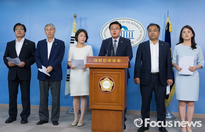 (서울=포커스뉴스) 새누리당 초선 의원들이 10일 오전 서울 여의도 국회 정론관에서 더불어민주당 초선 의원들의 방중 관련 기자회견을 하고 있다. 왼쪽부터 송석준, 조훈현, 전희경, 김성원, 권석창, 신보라 의원.
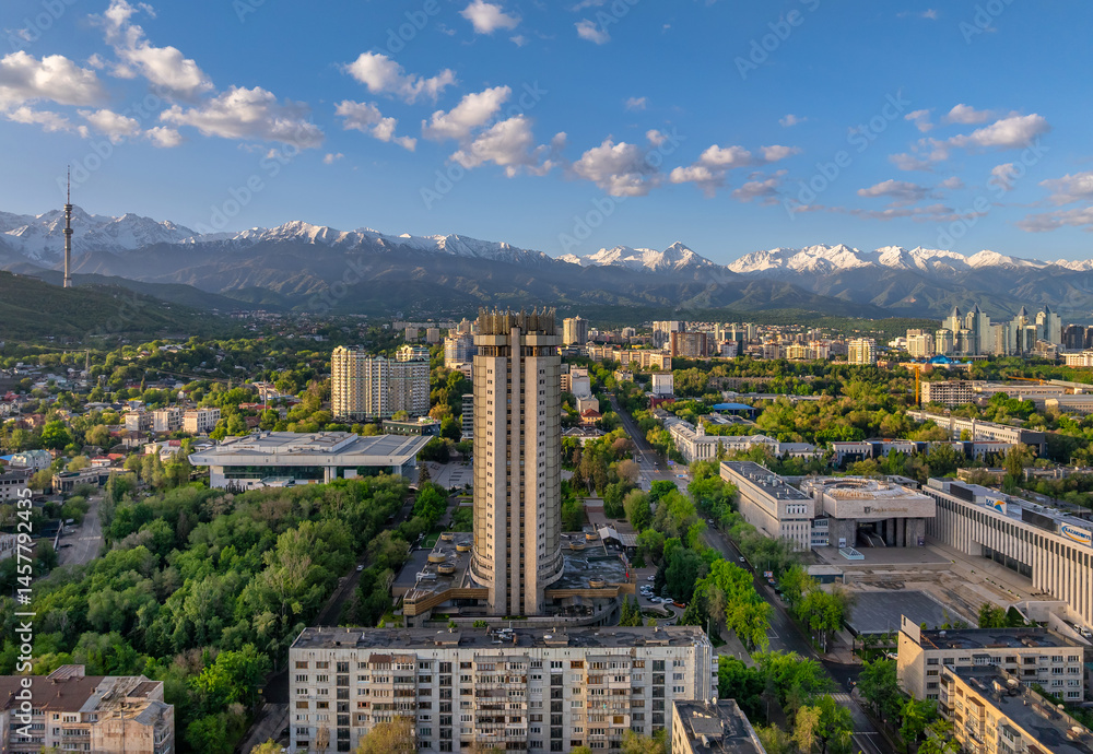 View from a quadcopter of the central part of the Kazakh city of Almaty on a spring morning
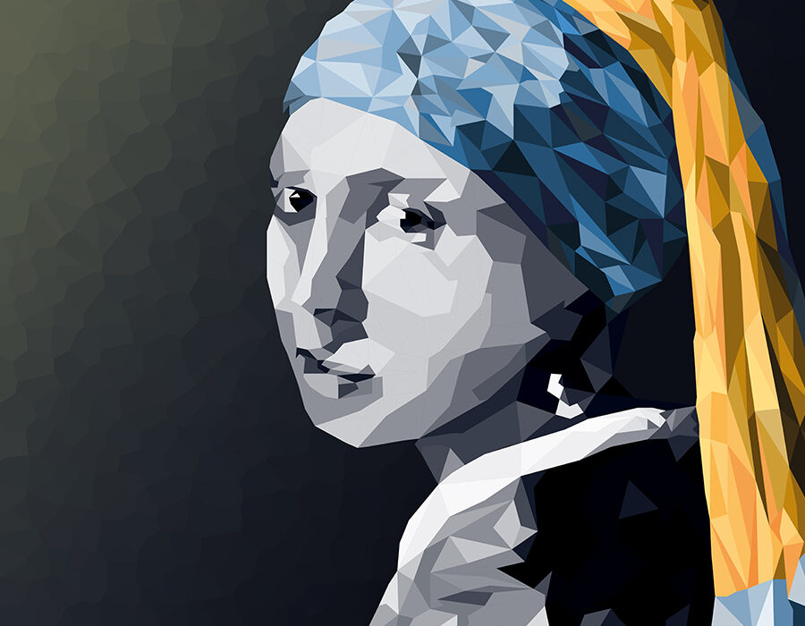 “The girl with the pearl earring, is my digital version of one of the greatest painting of Vermeer. I love the color combination with the dark structure background I created and is available as a print on Plexiglass. beautiful results and wall decor.”

**WORK REQUIRED:**
Except for the pictures, copy the material above exactly.

**RESPONSE TO THIS TASK:**
 (서울=포커스뉴스) 새누리당 초선 의원들이 10일 오전 서울 여의도 국회 정론관에서 더불어민주당 초선 의원들의 방중 관련 기자회견을 하고 있다. 왼쪽부터 송석준, 조훈현, 전희경, 김성원, 권석창, 신보라 의원.
 View from a quadcopter of the central part of the Kazakh city of Almaty on a spring morning
 “The girl with the pearl earring, is my digital version of one of the greatest painting of Vermeer. I love the color combination with the dark structure background I created and is available as a print on Plexiglass. beautiful results and wall decor.”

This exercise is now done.